Imam rahimaullah mendapat bagian yang banyak dari keduanya karena tidak
ada hal-hal duniawi yang menyibukkannya sehingga terlena dalam hal-hal
yang tidak bermanfaat.
b) Bisa mengumpulkan kitab-kitab yang digunakan untuk memeriksa dan mengetahui pendapat para ulama lainnya.
c) Memiliki niat yang baik, kewarakan dan zuhud yang banyak serta amal-amal sholeh yang bersinar.
Imam Nawawi sungguh amat beruntung memiliki semua itu sehingga hasil
besar dicapainya ketika beliau baru berusia relatif muda dan dalam waktu
yang bisa dikatakan amat singkat yaitu tidak lebih dari 45 tahun, tapi
penuh dengan kebaikan dan keberkatan dari Allah swt.
Kitab-kitab
yang dipelajarinya dari guru-gurunya antara lain: Kitab hadits yang enam
yaitu Shahih Bukhari, Shahih Muslim, Sunan Abu Dawud, Sunan
At-Tirmidzi, Sunan Nasa’I, Sunan Ibn Majah dan Muwatta’nya Imam Malik,
Musnad Asy-Syafi’i, musnad Ahma bin Hanbal, Sunan Ad-Daarimi, Sunan
Daruquthi, Sunan Baihaqi, Syarhus Sunan oleh Al-Baghawi dan kitab
Ma’alimut Berita dalam tafsir Al-Baghawi juga, ‘Amalul Yaumi Wallailah
oleh Ibnu As-Sunni, Al-Jaami’li Aadaabir Al-Qusyairiyah dan Al-Ansaab
oleh Az-Zubair bin Bakar serta banyak lagi.
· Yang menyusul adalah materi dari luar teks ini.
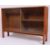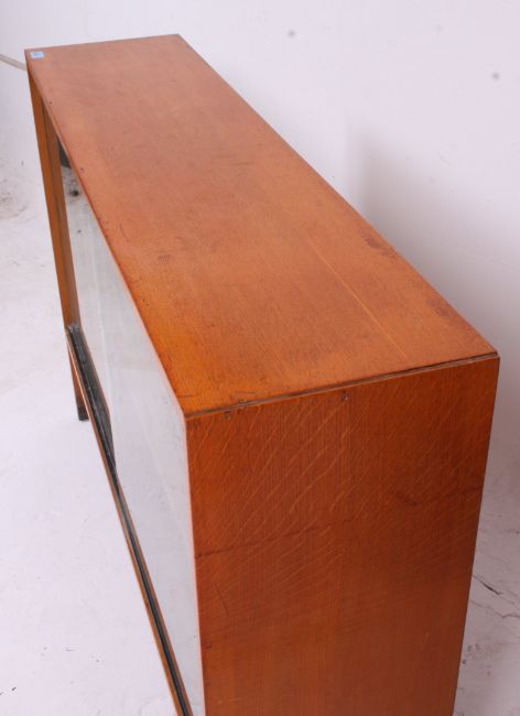 A mid 20th century Air Ministry style sliding glass window golden oak bookcase cabinet. Raised on squared legs together with a similar two tier side table. Measures: 79cm x 117cm x 28cm.

Pribadi Dan Perilaku Imam Nawawi
Imam Nawawi mempunyai penguasaan ilmu yang luas, derajat tekun yang
mengagumkan, senantiasa hidup warak, zuhud dan sabar dalam kesederhana
hidupnya. Pada waktu yang sama, beliau juga dikenal mempunyai
kesungguhan yang luar-biasa dan berbagai kebaikan lainnya. Beliau tidak
rela menghabiskan satu menit dalam kehidupannya tanpa ketaatan kepada
Rabnya. Beliau mengandalkan kehidupan dari sumbangan atau amal jariyah
yang diberikan orang-orang kepada madrasah Ar-Rawahiyah yang dipimpinnya
dan dari apa yang diwariskan oleh ibu bapaknya. Sekalipun demikian,
kadang-kadang beliau bersedekah dari hartanya yang tidak berlebihan itu.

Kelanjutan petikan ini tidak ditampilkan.